Cook asked [Chho] if he could search the trunk. . . . [Chho] . . . `kind of rolled his eyes’ and slouched his shoulders, but said, `Yeah.’ The officer opened the trunk and immediately saw a container resembling the one under the seat. Without touching the container, Cook asked [Chho] what was inside and he responded, `More marijuana.’ The officer opened the container and found about five times more marijuana than was in the other container, bringing the total to 171.6 grams (6.05 ounces).


While Cook was looking in the trunk, [the] cell phone was still ringing continuously inside the car. After finding the marijuana in the trunk, the officer grabbed the cell phone from the car, opened it, and read two text messages. According to the officer, based on his training experience, the continuous ringing of [Chho]'s cell phone during the stop, coupled with the officer's discovery of . . . more than six ounces of marijuana in the trunk, led him to suspect [Chho] may be engaged in drug dealing or other illegal activity. Because of this suspicion, and for investigatory purposes, he . . . read the two incoming text messages. The first one said, `A homie its me lil locs from Sequoia Glen Apts. I need an eighth if u can. Hit me up.’ The second said, `A bro, I'm still tryin to get that so hit me up when u r back this way.’ The officer did not notice how old the messages were and he did not know how long the phone would retain them. There is no evidence that he searched the phone further by viewing or retrieving any other incoming or outgoing messages.


People v. Chho, supra. In a footnote, the Court of Appeals explained that when Officer Cook testified at the hearing on the motion to suppress, he could not remember if the “messages immediately appeared on the phone's screen when he opened it” or if he had “ to manipulate the phone in some way” in order to see them. People v. Chho, supra. The court also noted there was “no evidence that the messages could only be viewed by using a password or other privacy protection mechanism.” People v. Chho, supra.


Chho claimed Cook’s search of his cell phone violated the 4th Amendment because he had not consented to a search of the phone (which seems to have been true) and because the search was not valid under the vehicle exception. The trial judge denied the motion to suppress because he found that the search was a valid search under the vehicle exception, since Officer Cook had probable cause to believe “that the cell phone contained evidence of drug sales.” People v. Chho, supra. As Wikipedia points out, and as I’ve noted in earlier posts on the vehicle exception, all an officer needs to conduct a valid search under this exception is (i) a vehicle and (ii) probable cause to believe evidence of a crime will be found in the vehicle. The fact the search targets a vehicle creates circumstances which the Supreme Court has held make it reasonable for an officer to proceed without getting a warrant.

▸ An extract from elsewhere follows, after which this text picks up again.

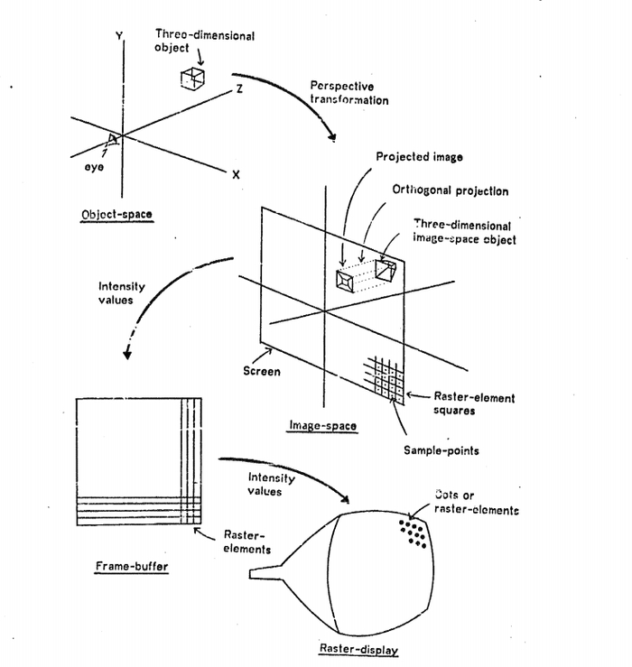 人们习惯在三维空间中观察和理解对象。而要想在二维平面上显示相同的对象,必须首先将三维对象进行透视变换(perspective transformation),这样我们才能把它理解为三维对象。我们将常规的三维空间叫做对象空间(object space),经过透视变换的空间叫做图像空间(image space)。图像空间也是一个三维的空间,但对象经过了扭曲,使得其在 x-y 平面上的正交投影可以产生预期的透视图。图像空间的维数保持为 3,以保存深度信息。图像空间在 x-y 平面上的投影被称为 “投影图像”(projected image),x-y 平面与光栅相关的部分称为 “屏幕”(screen)。

On appeal, Chho reiterated his claim that the search of his cell phone violated his


Fourth Amendment rights. The thrust of his challenge is the theory that modern cell phones are like computers and they are therefore afforded the same elevated privacy protections. He further contends that because of the commonplace use of cell phones by much of the population, that his cell phone continuously rang during the traffic stop could not have any tendency in reason to suggest that he was engaged in drug dealing.

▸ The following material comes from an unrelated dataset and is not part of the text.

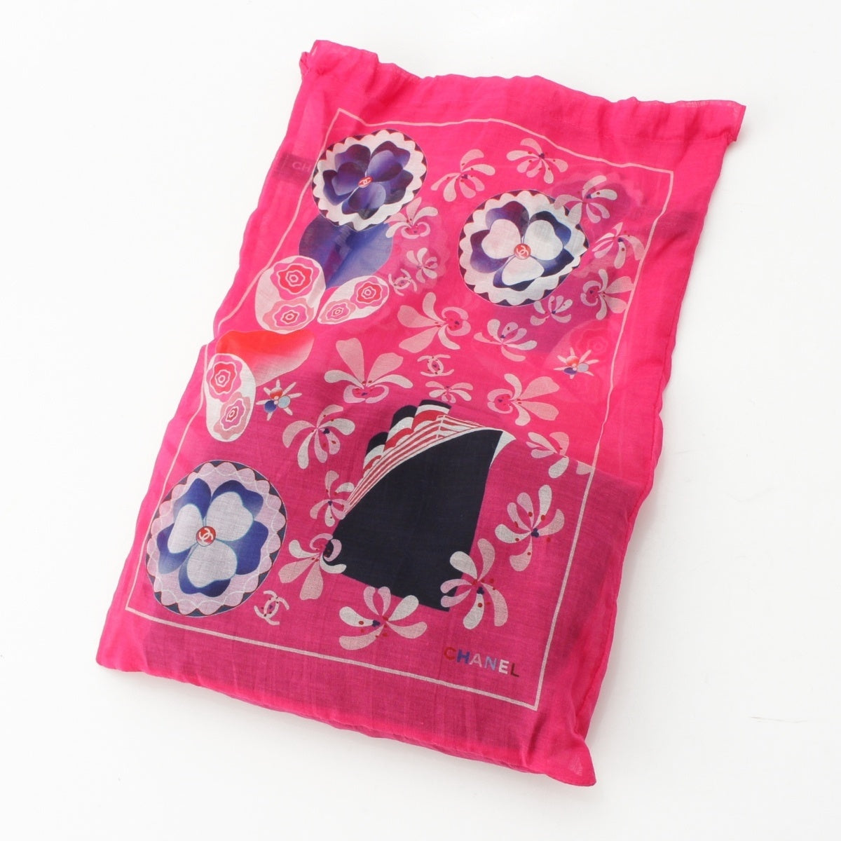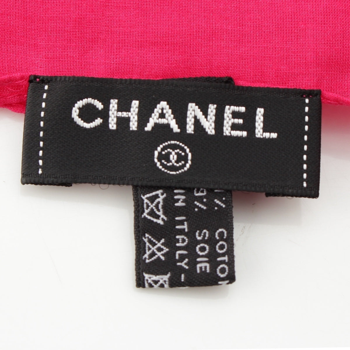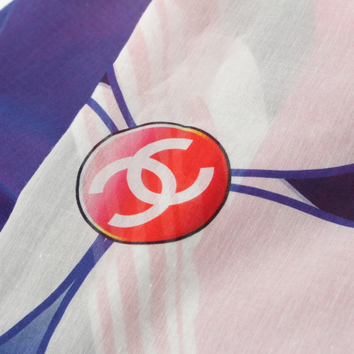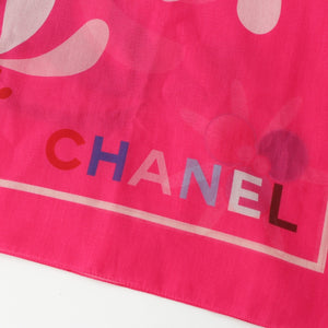 CHANEL Cotton silk Logo COCO Mark Flower shawl Stall pink

People v. Chho, supra. He lost. The Court of Appeals held that the search was


constitutionally permissible under the automobile exception. This . . . conclusion follows from the determination that . . . the officer had probable cause to open the phone and view the text messages. It is without dispute that Chho gave his consent for Cook to search under the seat and in the trunk, where he found a total quantity of marijuana that reasonably suggested to the officer it was possessed for sale rather than personal use. There is no dispute that during the course of the stop, the cell phone was continuously ringing. This degree of phone activity in the context of a traffic stop during which a quantity of drugs for sale have been permissibly found in the car was enough to reasonably establish probable cause. . . .


People v. Chho, supra. The court rejected Chho’s claim that Cook didn’t have probable cause to believe evidence of a crime would be found in the phone because “cell phones are in many ways like mini computers that store loads of information and `. . . practically everyone has a cell phone’ and many people make calls around 5:00 p.m. that are perfectly innocent.” People v. Chho, supra.

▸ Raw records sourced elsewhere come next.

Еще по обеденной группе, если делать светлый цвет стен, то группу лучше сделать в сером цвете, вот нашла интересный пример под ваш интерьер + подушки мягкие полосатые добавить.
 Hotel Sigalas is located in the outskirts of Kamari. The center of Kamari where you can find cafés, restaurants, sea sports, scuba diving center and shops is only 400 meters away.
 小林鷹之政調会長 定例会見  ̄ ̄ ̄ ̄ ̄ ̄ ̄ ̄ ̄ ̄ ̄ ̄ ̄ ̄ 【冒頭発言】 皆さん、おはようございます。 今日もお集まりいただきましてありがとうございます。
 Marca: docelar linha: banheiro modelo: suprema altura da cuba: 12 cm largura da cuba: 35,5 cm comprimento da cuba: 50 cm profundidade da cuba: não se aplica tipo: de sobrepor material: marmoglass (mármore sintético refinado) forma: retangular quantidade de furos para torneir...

[I]t does not follow from the pervasive use of cell phones by the general population in the early hours of the evening that Officer Cook did not have a reasonable belief that [Chho’s] cell phone contained evidence of illegal activity when he opened it and viewed the incriminating text messages. [Chho]t forgets . . . that when the officer did so, he had just discovered over six ounces of marijuana in the car. . . . The officer testified that the presence of that quantity of marijuana coupled with the continuous ringing of the phone throughout the stop led to his belief that defendant was engaged in drug sales or other illegal activity. . . . Based on the totality of the circumstances, these facts . . . reasonably established the probability of criminal activity -- regardless of the technology involved in modern cell phones and the pervasiveness with which the society at large currently engages in innocent cell-phone use -- and permitted the search of the car and all of its contents under the automobile exception.


People v. Chho, supra (emphasis in the original). As Wikipedia explains and as I’ve noted in earlier posts on the vehicle exception, it not only lets an officer who has probable cause to believe there is evidence of a crime or contraband in a vehicle search the vehicle itself, e.g., the trunk and/or passenger compartment, it also lets the officer search any containers in the vehicle. This court, then, is implicitly treating a cell phone as a “container” – not as one as could contain contraband like marijuana, but a container that could hold evidence of the crime of drug dealing.


I’m going to do a follow-up post on the issue this court didn’t address: whether it would have mattered if, as the court said, the cell phone had been secured by “a password or other privacy protection mechanism.”

3 comments:

Black Hand Jack said...

One issue that is not articulated is that the cell phone in this situation, could be considered an instrumentality of the crime of possession for sale of narcotics.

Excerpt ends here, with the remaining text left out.